II, Panorâmicas lentas, planos
inteiros, laterais.
Campo dos Mártires da Pátria, meio
dia, sol quase a pino, sem crostas, queimante. Barulho esfuziante,
entorpecedor, planante, estupefaciente, crianças, patos, galinhas, perus, pais,
mescla de complicada destrinça. Para Oeste, três arrumadores aguardam a sua
vez, clamantes por uma viatura que estacione em frente ao Goethe-Institut
Portugal – Lisboa. Um nos seus quarenta anos, cabelo curto, raro, calças e
camisa cinzas, puídas, sem marca, com máscara cirúrgica no queixo. O mais
velho, nos cinquentas, de rabo de cavalo brilhante e esbranquiçado, pelo meio
das costas, forte, camisola dos Lakers tradicional, dourado já amarelado,
número trinta e dois, Magic Johnson, lavado, resplandecente, olhar meigo,
canino, sem máscara comunitária. E o mais novo, nos trintas, rabo de cavalo
preto, calças de ganga Levis originais, t-shirt branca sem marca, máscara
cirúrgica na cabeça, coberta de café e queimadura de tabaco, a fumar um
cigarro. Não falam, perfilados, concentrados, em trabalho. Muitos corredores,
muitas brincadeiras, meia dúzia de piqueniques, o chapinhar no lago, um sol de
ananases. O arrumador mais novo sai da linha de trabalho, entra numa lateral do
jardim, o cigarro curto ainda cesso, abre a braguilha, desce a máscara
cirúrgica, fica algures entre a boca e o queixo, mija furiosamente sobre uma
planta com aspecto de couve achatada, sacode o órgão genital, fecha a braguilha,
corre para um carro que está prestes a estacionar, ajeita a máscara cirúrgica,
realiza gestos geométricos com as mãos, diz assim, a direito, está bom, está
bom, dona, prostra-se junto da porta, o cigarro nas últimas, resistente, uma
mulher de meia-idade, de branco, calças brancas, blusa azul, sai da viatura,
entrega uma moeda ao ajudante.
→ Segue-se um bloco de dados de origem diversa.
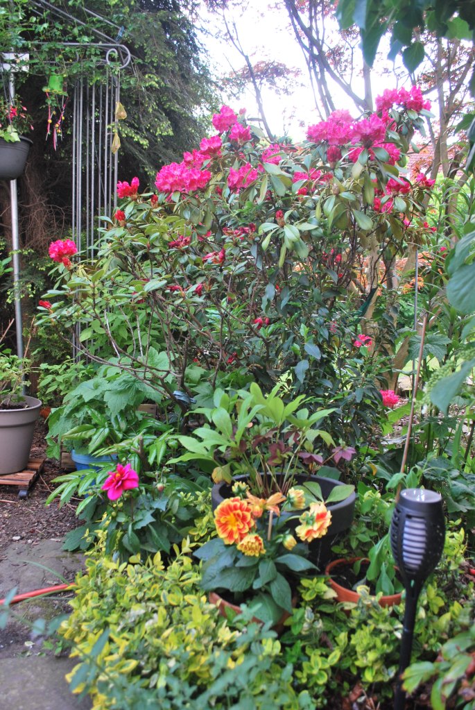 Die blumigen Gesellen auf der Terrasse sind traumhaft. Die Kletterrose und die Bodendeckerrose wachsen gut und haben kräftige Knospenansätze. Es wird wahrscheinlich nicht mehr lange dauern, bis sich ihre Knospen öffnen. Ich freue mich riesig auf ihre Blüte. Rosen gehören zu meinen absoluten Lieblingen, schon seit Kindertagen. Der pinke Rhododendron blüht hübsch und stark im Farbausdruck. Er passt an der Stelle hervorragend und das wird auch so bleiben.

A mulher atrapalha-se, fecha o carro com as
chaves, abre-o, retira um telemóvel e um pequeno saco, fecha-o, pressiona o
comando duas vezes, vai caminhando no passeio para os lados da Mú - Gelato
Italiano e da sua fila de cinco metros, passa a mão pelo cabelo e pelo suor da
testa, saca um gel desinfetante, limpa as mãos, o telemóvel, o saco, o rosto.
Obrigadinha, minha senhora, passe um bom dia.
III, Planos inteiros, frontais, de
conjunto, grande profundidade de campo, desfoque interdito.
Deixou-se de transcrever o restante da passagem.